Beyond efficiency gains, the device-enabled networks exhibited structural plasticity: when a fraction of nodes were randomly disabled, intrinsic plasticity allowed the remaining network to reconfigure and recover full performance. This built-in ability to adapt to partial hardware failure is particularly valuable for deployed systems—such as edge devices and autonomous vehicles—that demand long-term stability and graceful degradation under real-world stress.

Professor Kyung Min Kim commented that implementing intrinsic plasticity in a single semiconductor element advances both energy efficiency and reliability for AI hardware. By letting devices remember and adapt their own internal state, the technology can help create neuromorphic systems that sustain operation over long periods and recover from damage without centralized intervention.

The study lists Dr. Woojoon Park (now at Forschungszentrum Jülich, Germany) and Dr. Hanchan Song (now at ETRI) as co-first authors. The results were published online on August 18 in the journal Advanced Materials (IF 26.8).

Funding: This work was supported by the National Research Foundation of Korea and Samsung Electronics.

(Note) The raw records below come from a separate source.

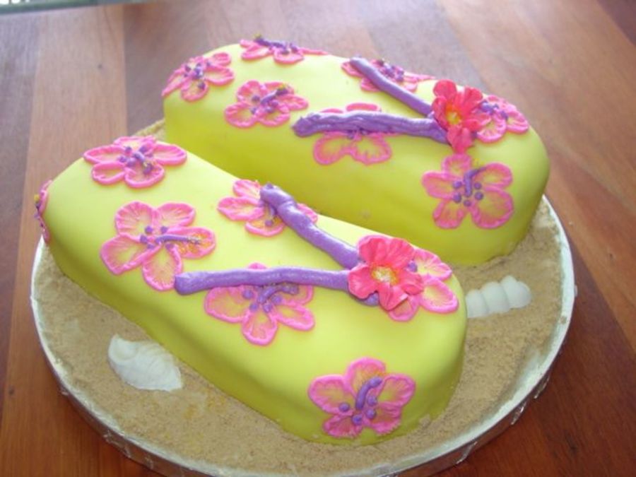YEllow fondant with brush embrodiery flowers on a board covered with crushed vanilla wafers for sand with fondant shells. Royal icing flowers on the center.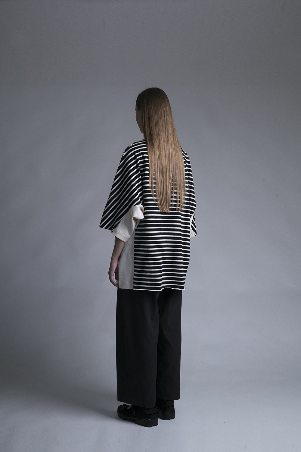 BD天竺生地を使用したロングスリーブTシャツ。袖口から脇、裾にかけて切り替えしているデザインが特徴です。断ちにこだわり、他にない柄合わせとなりました。裾にカットオフしたディテールを加える事で、一般的に優等生になりがちな清潔感のあるボーダーにラフさをプラスした新感覚なTシャツに仕上がっています。全体的にゆったりとしたオーバーサイズシルエット。程よく厚みもあるしっかりとしたカットソーです。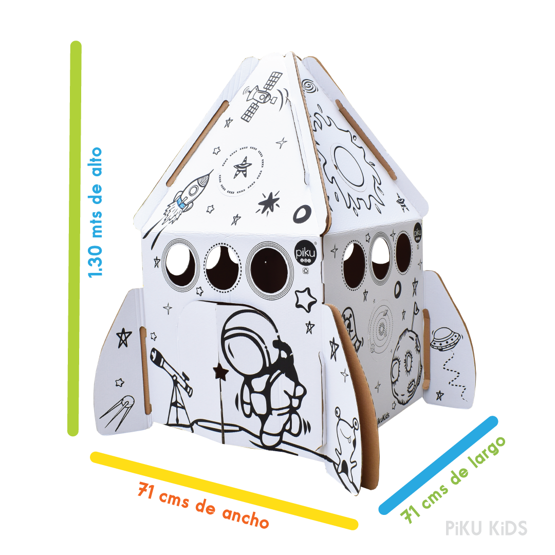 Cohete de cartón para armar, pintar, decorar y jugar por dentro. Apto para niñas y niños a partir de de los 3 años en adelante. Mide 1.30 mts de alto por 71 cms de ancho.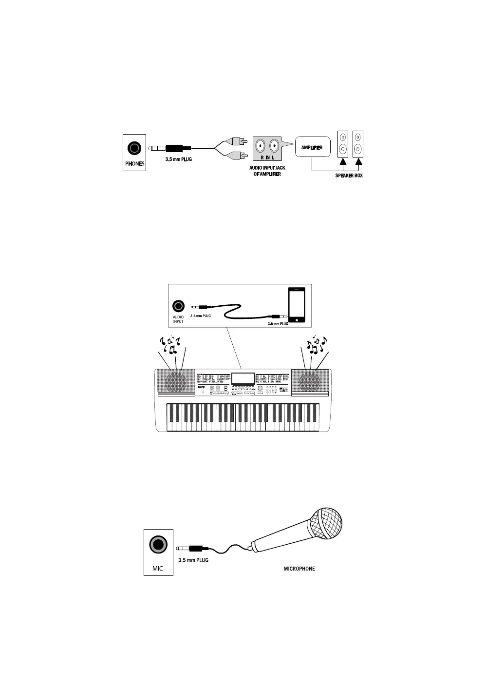 RockJam RJ640 - Connecting an Amplifier or Hi-Fi Equipment; Connecting a Phone or Audio Device to the aux Input to Play Music through the Keyboard; Connecting a Microphone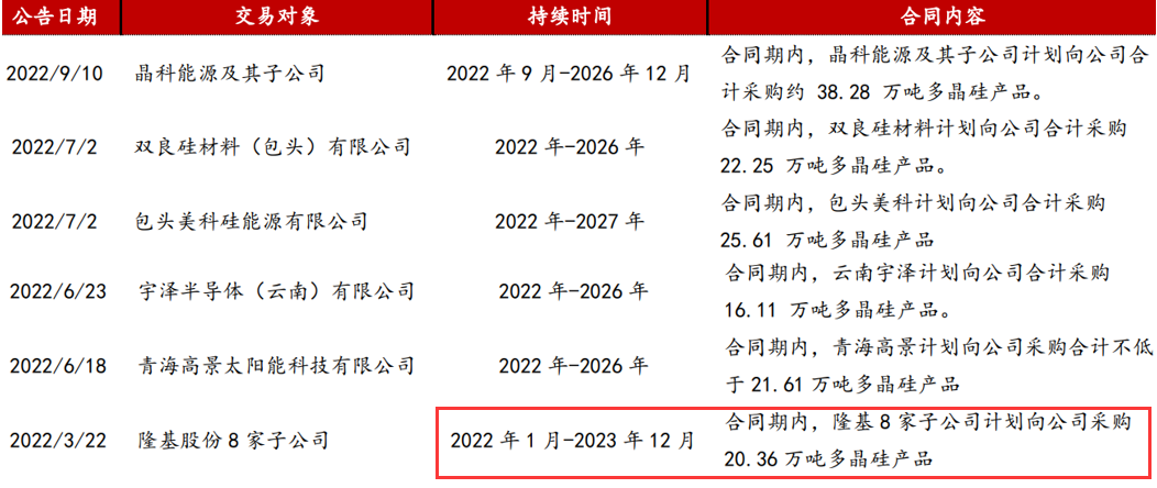 通威股份部分長(zhǎng)單;來(lái)源:公司公告

About this neurotech research news

Author: JEEHYUN LEE
Source: KAIST
Contact: JEEHYUN LEE – KAIST
Image: Image credit: Neuroscience News

Original Research: Open access. “Frequency Switching Neuristor for Realizing Intrinsic Plasticity and Enabling Robust Neuromorphic Computing” by Kyung Min Kim et al., Advanced Materials.


Abstract

Frequency Switching Neuristor for Realizing Intrinsic Plasticity and Enabling Robust Neuromorphic Computing

Biological information processing owes much of its efficiency and flexibility to spatiotemporal spiking activity combined with intrinsic plasticity—the autonomous adjustment of neuronal excitability based on prior stimulation. Mott memristors, which display threshold switching, are promising building blocks for artificial neurons (neuristors) that produce spiking behavior. Until now, systematic implementation and evaluation of intrinsic plasticity within neuromorphic devices have been limited.

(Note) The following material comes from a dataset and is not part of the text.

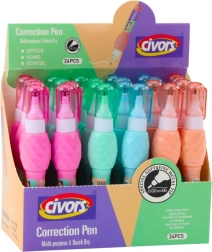 De snel drogende witte vloeistof dekt inkt en balpen moeiteloos. De inhoud van 7 ml zorgt voor een lange gebruiksduur en efficiënte dekking. Verpakking bevat 24 stuks, kleur willekeurig gekozen.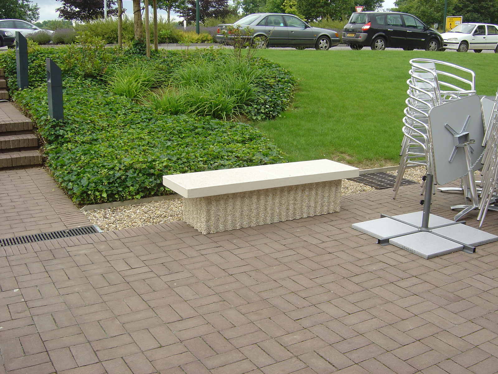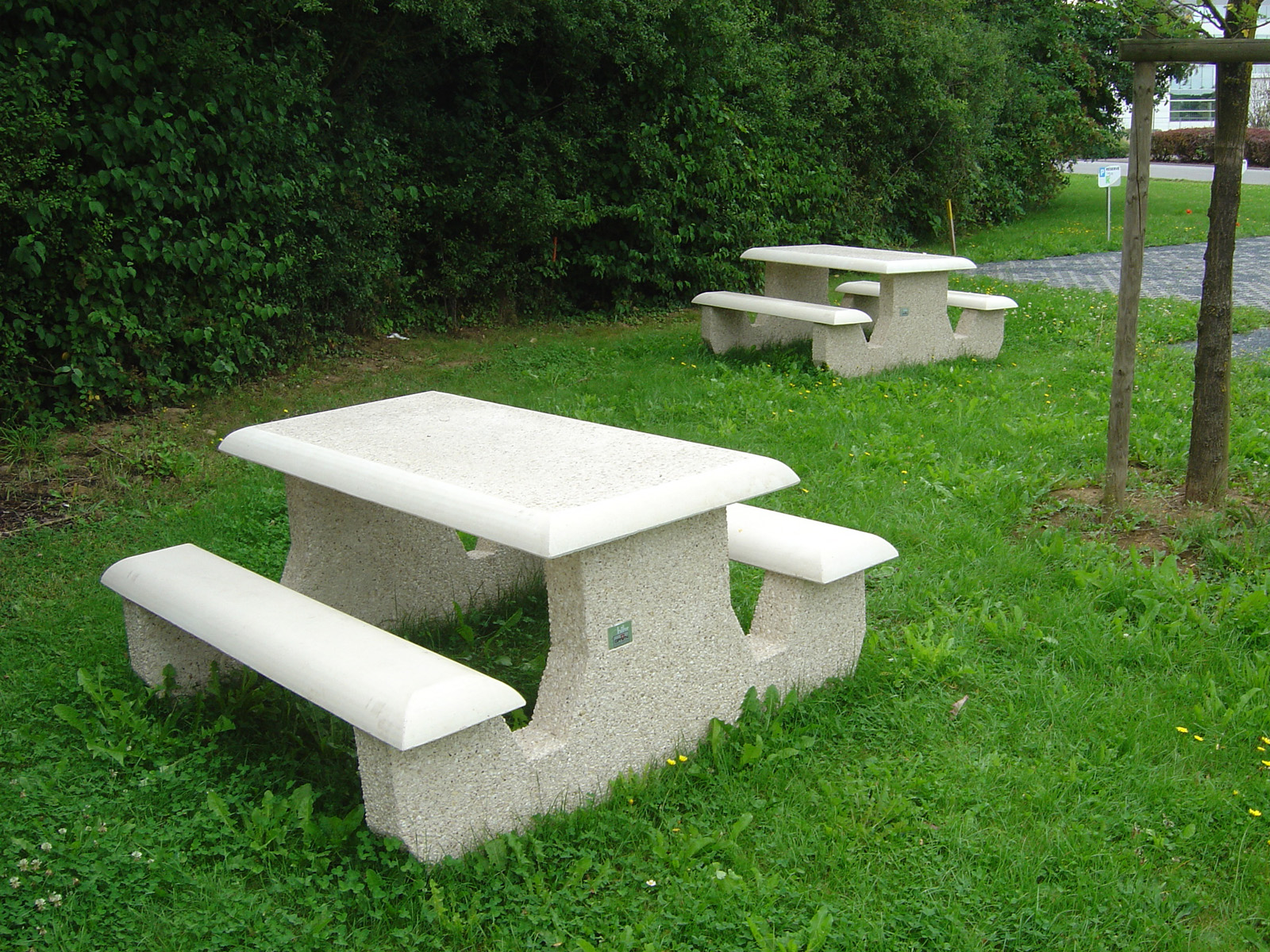 Tables, bancs, jardinières, une gamme complète pour le bien-être, la protection et l’embellissement.

The Frequency Switching (FS) neuristor introduced here emulates intrinsic plasticity by pairing a volatile Mott memristor with a non-volatile VCM memristor. This combination creates programmable, multi-level frequency–voltage (f–V) transfer characteristics analogous to neuronal intrinsic plasticity functions. Device-level simulations of sparse neural networks indicate that intrinsic plasticity serves both as memory and local processor, improving overall network efficiency and lowering energy demands. Furthermore, the mechanism provides structural plasticity, enabling full performance recovery after random neuron loss and suggesting a route toward more adaptive, energy-efficient, and fault-tolerant neuromorphic computing systems.